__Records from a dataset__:

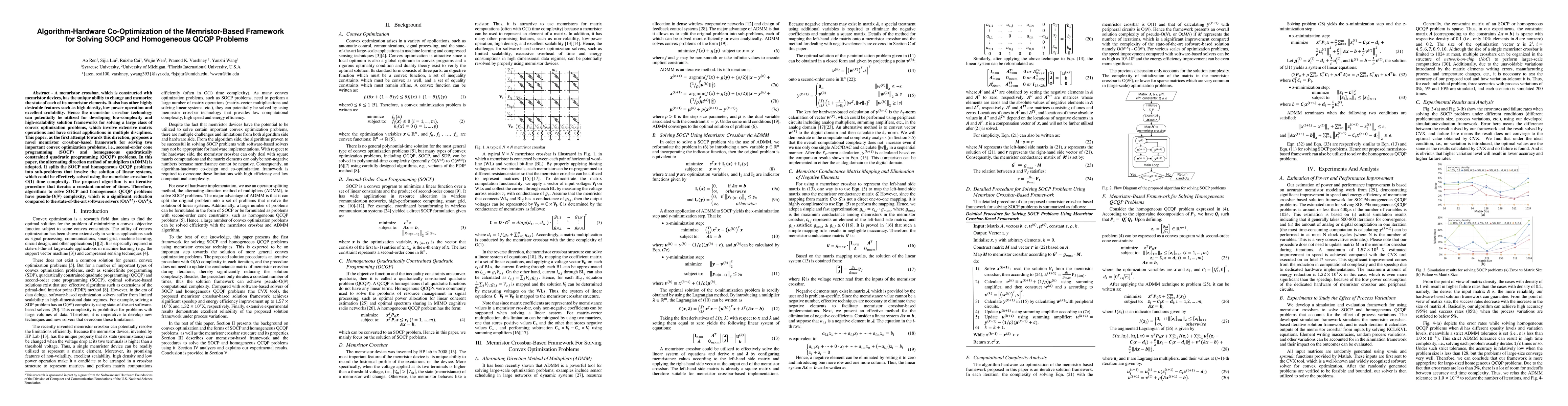 This paper proposes a novel memristor crossbar-based framework for solving second-order cone programming (SOCP) and homogeneous quadratically constrained quadratic programming (QCQP) problems using the alternating direction method of multipliers (ADMM). The framework leverages the memristor crossbar's unique properties to achieve pseudo-O(N) complexity, significantly outperforming traditional software solvers.
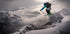 Een adembenemende actiefoto van een skiër die een gewaagde sprong maakt in het achterland, omringd door besneeuwde toppen en dramatische wolken. De dynamische compositie vangt de sensatie van wintersport, vrijheid en adrenaline in het hart van de alpiene wildernis. Perfect voor avonturiers, skiliefhebbers en fans van extreme sporten.
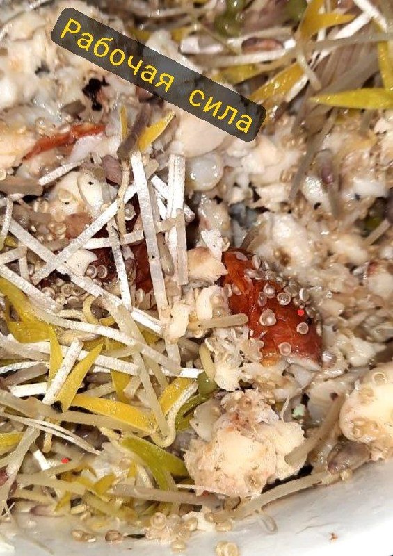" Морской язык в пароварке Вяленные помидоры собственного приготовления Маш пророщенный 5 дней Киноа отваренный Масло растительное с травами из банки вяленных помидор. ➿️➿️➿️➿️➿️➿️➿️➿️➿️➿️ Рыбу разобрать, смешать с вялеными помидорами и промять руками для соединения вкусов, добавить киноа и влить масло, на удобные части порезать ростки маша, все смешать. Примерный расчет каллорий: Морской язык 91, белок 18.8 Киноа 120, белок 4.4 Вяленные помидоры 138, белок 1.7 Пророщенный маш 30, белок 3 В 100 гр салата приблизительно 95 каллорий, 7 гр белка.
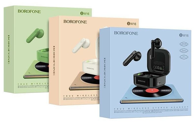 Отзывы на Наушники беспроводные Borofone BW16, вкладыши, TWS, микрофон, BT5.3, 30/250 мАч, чёрные
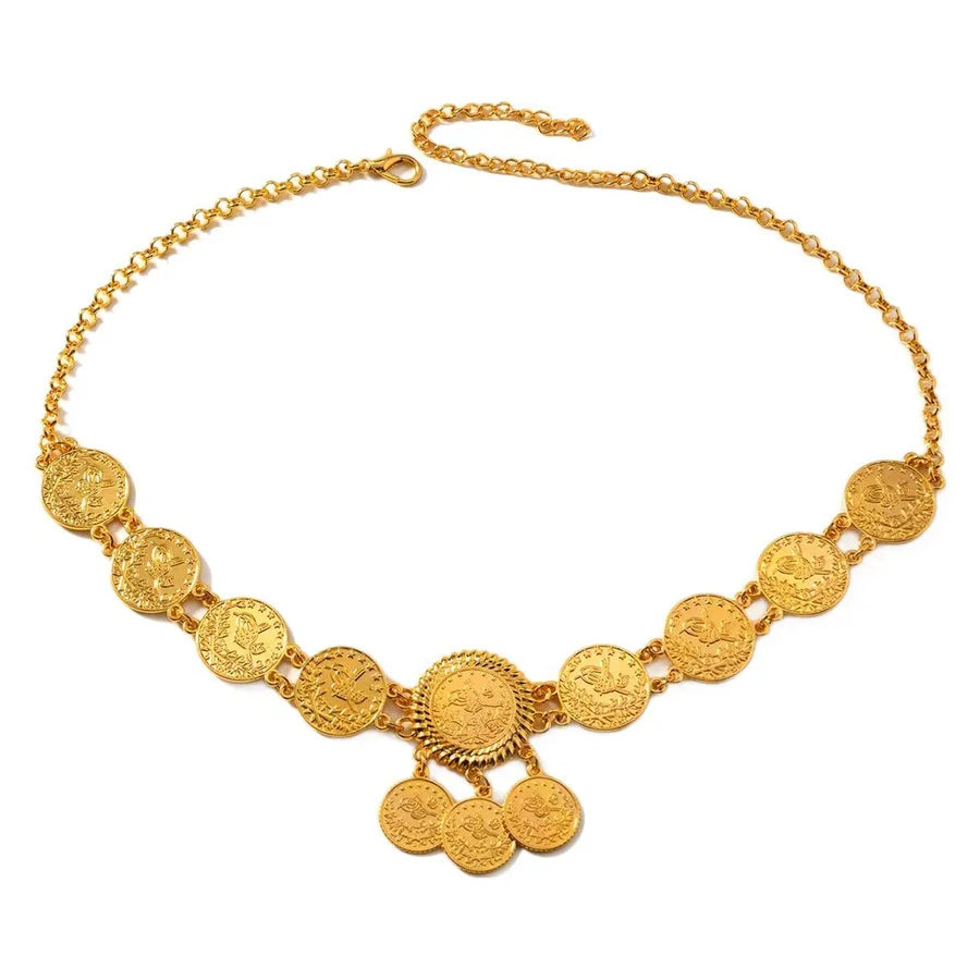 Gold Coin Tassel Hairband With Carved Flowers Middle East Arab Style Wedding Bride Photography Props Fashionable Headwear
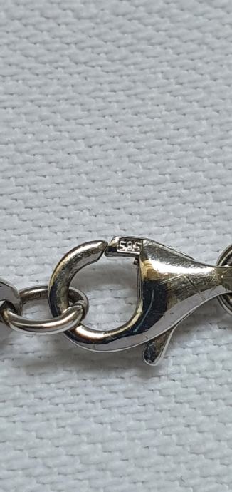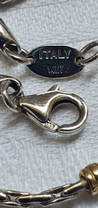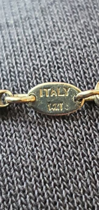 Kopča je označena sa žigom 585 a na fiknoj pločici sa 14KT Italy i zaštitnim znakom s druge strane pločice sve alkice su fixne

__TASK OBJECTIVE__: Write out the data in full and exactly as given, though without the images.

__RESULT__:
 This paper proposes a novel memristor crossbar-based framework for solving second-order cone programming (SOCP) and homogeneous quadratically constrained quadratic programming (QCQP) problems using the alternating direction method of multipliers (ADMM). The framework leverages the memristor crossbar's unique properties to achieve pseudo-O(N) complexity, significantly outperforming traditional software solvers.
 Een adembenemende actiefoto van een skiër die een gewaagde sprong maakt in het achterland, omringd door besneeuwde toppen en dramatische wolken. De dynamische compositie vangt de sensatie van wintersport, vrijheid en adrenaline in het hart van de alpiene wildernis. Perfect voor avonturiers, skiliefhebbers en fans van extreme sporten.
" Морской язык в пароварке Вяленные помидоры собственного приготовления Маш пророщенный 5 дней Киноа отваренный Масло растительное с травами из банки вяленных помидор. ➿️➿️➿️➿️➿️➿️➿️➿️➿️➿️ Рыбу разобрать, смешать с вялеными помидорами и промять руками для соединения вкусов, добавить киноа и влить масло, на удобные части порезать ростки маша, все смешать. Примерный расчет каллорий: Морской язык 91, белок 18.8 Киноа 120, белок 4.4 Вяленные помидоры 138, белок 1.7 Пророщенный маш 30, белок 3 В 100 гр салата приблизительно 95 каллорий, 7 гр белка.
 Отзывы на Наушники беспроводные Borofone BW16, вкладыши, TWS, микрофон, BT5.3, 30/250 мАч, чёрные
 Gold Coin Tassel Hairband With Carved Flowers Middle East Arab Style Wedding Bride Photography Props Fashionable Headwear
 Kopča je označena sa žigom 585 a na fiknoj pločici sa 14KT Italy i zaštitnim znakom s druge strane pločice sve alkice su fixne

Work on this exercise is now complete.